Data extracts:
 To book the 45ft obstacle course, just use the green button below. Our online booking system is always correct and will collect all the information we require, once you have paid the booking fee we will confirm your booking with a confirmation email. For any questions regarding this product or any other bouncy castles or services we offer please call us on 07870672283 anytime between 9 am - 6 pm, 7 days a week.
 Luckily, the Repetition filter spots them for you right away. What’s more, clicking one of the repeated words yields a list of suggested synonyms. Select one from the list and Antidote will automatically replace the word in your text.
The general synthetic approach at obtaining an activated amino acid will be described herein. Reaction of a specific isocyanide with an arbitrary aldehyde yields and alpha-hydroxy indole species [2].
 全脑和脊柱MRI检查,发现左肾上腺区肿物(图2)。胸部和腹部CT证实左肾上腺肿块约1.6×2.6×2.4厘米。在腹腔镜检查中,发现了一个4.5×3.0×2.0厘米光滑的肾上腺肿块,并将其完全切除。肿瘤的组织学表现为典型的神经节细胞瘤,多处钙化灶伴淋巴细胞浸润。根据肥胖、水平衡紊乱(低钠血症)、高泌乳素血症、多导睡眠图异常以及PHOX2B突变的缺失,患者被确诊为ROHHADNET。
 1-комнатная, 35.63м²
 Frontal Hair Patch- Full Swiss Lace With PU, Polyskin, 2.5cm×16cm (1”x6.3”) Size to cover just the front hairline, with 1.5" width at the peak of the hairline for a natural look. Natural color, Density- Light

==

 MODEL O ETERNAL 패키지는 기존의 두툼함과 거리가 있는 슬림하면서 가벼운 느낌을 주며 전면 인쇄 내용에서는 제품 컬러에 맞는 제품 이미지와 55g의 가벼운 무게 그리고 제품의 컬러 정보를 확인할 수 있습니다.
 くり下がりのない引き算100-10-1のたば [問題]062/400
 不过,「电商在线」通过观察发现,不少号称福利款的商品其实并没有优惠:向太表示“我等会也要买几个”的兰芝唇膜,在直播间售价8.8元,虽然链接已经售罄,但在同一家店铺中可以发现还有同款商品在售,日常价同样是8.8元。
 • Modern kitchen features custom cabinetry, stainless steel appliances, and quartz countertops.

Task statement: The lines above from the one containing "不过,「电商在线」通过观察发" through the one containing "and quartz countertops." are to be set down exactly, and no others.

Exercise answer:
 不过,「电商在线」通过观察发现,不少号称福利款的商品其实并没有优惠:向太表示“我等会也要买几个”的兰芝唇膜,在直播间售价8.8元,虽然链接已经售罄,但在同一家店铺中可以发现还有同款商品在售,日常价同样是8.8元。
 • Modern kitchen features custom cabinetry, stainless steel appliances, and quartz countertops.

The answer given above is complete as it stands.